### Material provided
━━━

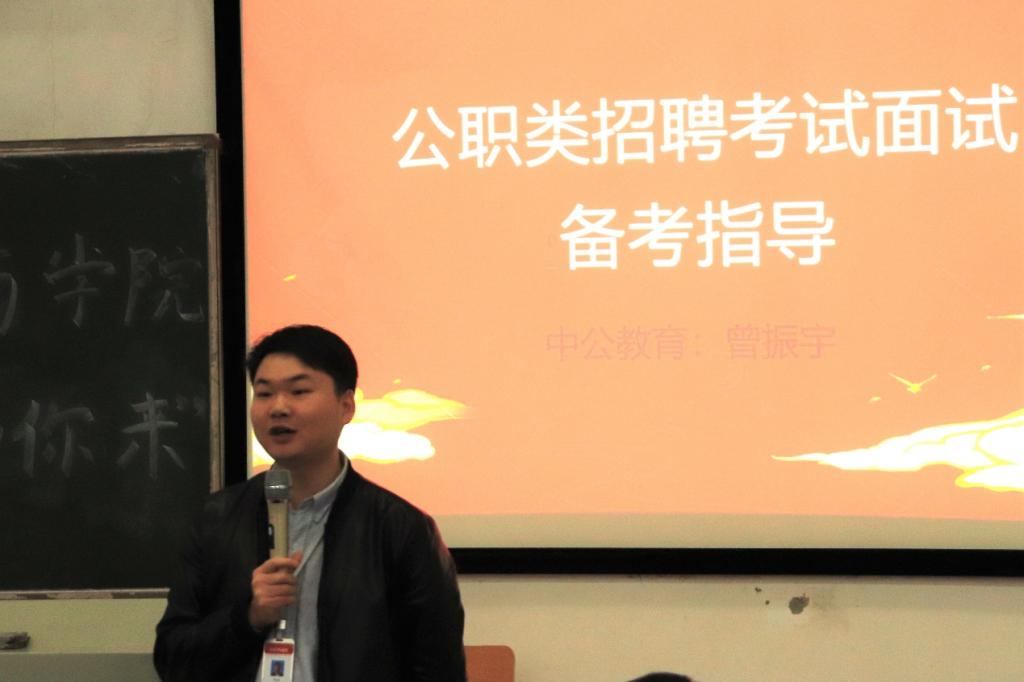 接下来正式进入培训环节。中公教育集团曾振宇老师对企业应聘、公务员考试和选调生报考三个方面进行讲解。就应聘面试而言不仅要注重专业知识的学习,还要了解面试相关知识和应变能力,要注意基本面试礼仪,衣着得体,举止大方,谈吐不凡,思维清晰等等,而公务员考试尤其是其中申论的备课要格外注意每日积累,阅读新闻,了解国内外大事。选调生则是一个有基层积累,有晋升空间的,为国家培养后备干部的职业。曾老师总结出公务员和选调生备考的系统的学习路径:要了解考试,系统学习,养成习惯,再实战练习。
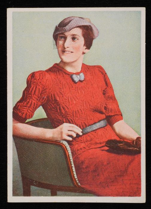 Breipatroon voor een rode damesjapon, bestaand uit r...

━━━

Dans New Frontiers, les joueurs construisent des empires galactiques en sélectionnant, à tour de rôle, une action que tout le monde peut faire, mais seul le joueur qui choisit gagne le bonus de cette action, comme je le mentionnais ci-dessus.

━━━

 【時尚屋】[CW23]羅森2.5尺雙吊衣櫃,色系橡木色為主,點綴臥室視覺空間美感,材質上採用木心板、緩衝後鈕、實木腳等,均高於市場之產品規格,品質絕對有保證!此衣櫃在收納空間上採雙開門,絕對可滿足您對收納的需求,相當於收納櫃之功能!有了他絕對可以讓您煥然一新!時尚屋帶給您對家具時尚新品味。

━━━

### Work to be completed
Above are some entries. Restate word for word the lines from the one holding "接下来正式进入培训环节。中公" through the one holding "Breipatroon voor een", but not the pictures.

### Your response
 接下来正式进入培训环节。中公教育集团曾振宇老师对企业应聘、公务员考试和选调生报考三个方面进行讲解。就应聘面试而言不仅要注重专业知识的学习,还要了解面试相关知识和应变能力,要注意基本面试礼仪,衣着得体,举止大方,谈吐不凡,思维清晰等等,而公务员考试尤其是其中申论的备课要格外注意每日积累,阅读新闻,了解国内外大事。选调生则是一个有基层积累,有晋升空间的,为国家培养后备干部的职业。曾老师总结出公务员和选调生备考的系统的学习路径:要了解考试,系统学习,养成习惯,再实战练习。
 Breipatroon voor een rode damesjapon, bestaand uit r...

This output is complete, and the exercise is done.